So, let's be precise.  The HTTP requests can be triggered using img
and script.

Even if the data aren't leaked, the access-control spec doesn't
introduce additional attacks in the GET case, as it will only permit
data retrieval if a policy is set.

> It is true that <form> works with both GET and POST and does send
> cookies to other domains, which means web site developers today
> indeed need to protect against CSRF attacks via cross-domain use
> of <form>, where CSRF protection is usually is accomplished by
> the server actually managing a session with the user where a
> random token is maintained across the session (without storing it
> within cookies). Right now, Access Control does not have a good
> mechanism for achieving server-controlled session management with
> such a random token, largely because it uses a client-side PEP
> approach.

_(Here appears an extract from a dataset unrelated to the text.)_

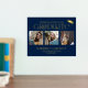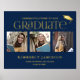 Modern graduation welcome board, featuring a 3 photos, gold glitter, text that reads congratulations to our 'graduate', the graduates name, school or college name and the graduation year. The editable text font styles, sizes and colours can be changed by clicking on the customise further link after personalising.
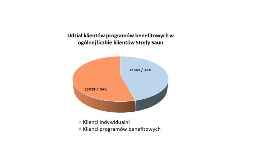 Dla porównania w roku 2024 klienci „benefitowi” stanowili 22 % ogólnej liczby odwiedzających obiekt. Największy odsetek klientów programów benefitowych w stosunku do ogólnej liczby klientów, stanowią saunowicze. W 2025 roku 54% odwiedzających Strefę Saun było klientami programów benefitowych. Ich udział w ogólnej liczbie odwiedzających utrzymuje się na porównywalnym poziomie, w 2024 roku było to 55%.

In fact, Access Control gets in the way of the way most
> server developers would implement CSRF protection.

I don't think I'm following you here.  The semantics of GET and POST
aren't actually changed by the access control technology; therefore,
including a nonce either in the construction of the URI, or as part
of query parameters.

Mind elaborating?

> With JSONRequest, the access control rules are loosened such that
> the new mechanism (i.e., JSONRequest) is allowed to access other
> domains, and therefore assumes that the policy enforcement point
> is the server who receives the GET and POST requests. This
> approach makes more sense and results in a simpler mechanism.

This particular decision is made much more flexible in the
access-control spec.  Higher-layer techniques remain possible,
unless I'm missing a point right now.

> On the other hand, JSONRequest can be implemented in JavaScript
> and will work with today's browsers, and therefore the community
> can use it immediately.

Parts of it might be usable immediately, but the more interesting
properties rely on browser-side implementation.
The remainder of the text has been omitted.